Он выпил воды, вернул бутылку на место, снова уселся за свой стол. Который день подряд никто не приезжал за зонтами. Стояли сухие дни лета, зонты никому не нужны.
Может быть, закрыть ангар, поехать домой? Его хозяин за границей, в своем доме на Кипре. Но разве он...
Да может он все, черт возьми!
Внезапная злость подтолкнула. Никита вскочил со стула, сдернул серую ветровку с рогатой вешалки. Она качнулась, собираясь упасть, но он подставил ей плечо, она удержалась на ногах. Какого черта он сидит тут? У него в шкафу дома столько всего, что стоит предложить... тому же Мазаеву, и ему не надо ни на кого работать!
Ага... Вон как!
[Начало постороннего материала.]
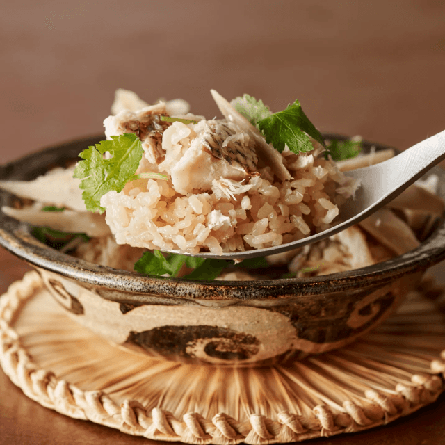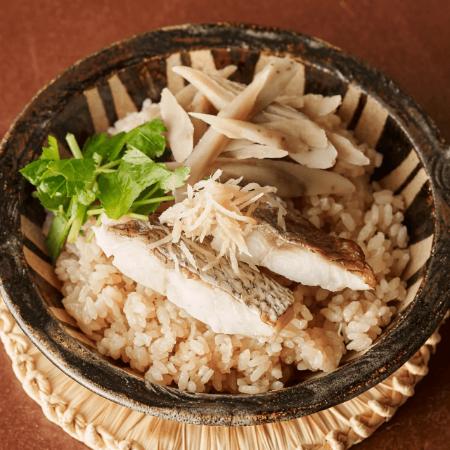 日本橋だし場 はなれの季節限定の炊き込みメニューを再現した一品です。鰹節、昆布だしで炊き上げただしの風味と生姜が効いた炊き込みご飯です。具材には国産の真鯛、食感の良い牛蒡をメインに使用しております。
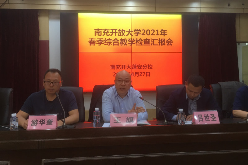 3月31日,四川省南充广播电视大学印发了《四川省南充广播电视大学关于开展2021年春季综合教学检查工作的通知》,此次教学检查通过提交自检报告与实地教学检查相结合的方式进行。截止4月15日,各分校全部提交了自检报告,通过各分校提交的自检报告,南充电大制定了《四川省南充广播电视大学关于开展2021年春季综合教学检查工作方案》,组建了分别以校党委书记、校长昝平和副校长王旗为组长的两个检查小组,对各分校进行实地检查。4月26-27日,两个检查小组对7个分校进行了实地教学检查。

Мазаев, да?
И пускай Мазаев! А если захочет, он найдет десяток таких Мазаевых!
Никита натянул ветровку, точно так, как его гость, подтащил собачку молнии к самому подбородку. Крупное тело напрягло ткань, она обхватила его плотно, как подобранная по размеру перчатка.
Он закрыл ангар на ключ, связка громыхнула, падая в сумку.
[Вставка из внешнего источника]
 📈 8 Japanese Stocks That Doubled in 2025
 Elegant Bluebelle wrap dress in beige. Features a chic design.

Никита заметил, как японский пикап «Л-200» повернул на подъездную дорогу к ангару, но даже не обернулся, чтобы посмотреть, к нему или нет. Черт с ним. Похоже, Мазаев, сам того не зная, снял его с кочки в половодье, как зайца...
3
Никита закрыл за собой входную дверь, дернул молнию, на ходу выбрался из рукавов, бросил ветровку на кресло, по-старинному обтянутое бледно-голубоватым поплиновым чехлом. Она легла черной тучей на светлом небе.
Прошел в кабинет, вынул ключ из шкатулки с разным мусором – так он называл все, что сбрасывал туда не думая. Открыл замок стенного шкафа.
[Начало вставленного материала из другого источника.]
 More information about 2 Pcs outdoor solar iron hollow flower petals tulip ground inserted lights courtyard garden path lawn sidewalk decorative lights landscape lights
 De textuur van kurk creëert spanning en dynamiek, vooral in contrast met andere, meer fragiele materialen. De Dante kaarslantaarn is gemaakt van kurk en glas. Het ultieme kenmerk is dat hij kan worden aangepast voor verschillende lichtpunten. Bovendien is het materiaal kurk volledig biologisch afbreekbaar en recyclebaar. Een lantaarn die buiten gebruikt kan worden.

Вот они, печальные сидельцы-затворники из прикамских лесов. Христос с восточным лицом – узкие раскосые глаза, высокие скулы. Рядом – Никола Можайский, но лицо у него такое же широкое, и в нем, как говорят, проглядывает татарин.
На самом деле это языческие идолы под христианским обличьем. Они появились в ответ на запрещающий указ 1722 года иметь скульптуры в церквях. Как часто находится ответ на приказ, хотя должен бы – на вопрос, но это уже из области рассуждений другого свойства, одернул себя Никита.
Коми-пермяки, которые жили в тех лесах, куда снаряжали экспедиции его дед и отец, вырезали похожих на себя святых. Они одаривали их не только собственными чертами, но даже выражением лица: страдание, терпение, покорность.
Верхом на коне дед Никиты объехал Верхнекамье, Чердынь. Он назвал найденные скульптуры «пермскими богами» – Никита не знал, сам он нашел это определение или повторил следом за кем-то. Но все остальные услышали от него, его считали автором. Дед не отказывался.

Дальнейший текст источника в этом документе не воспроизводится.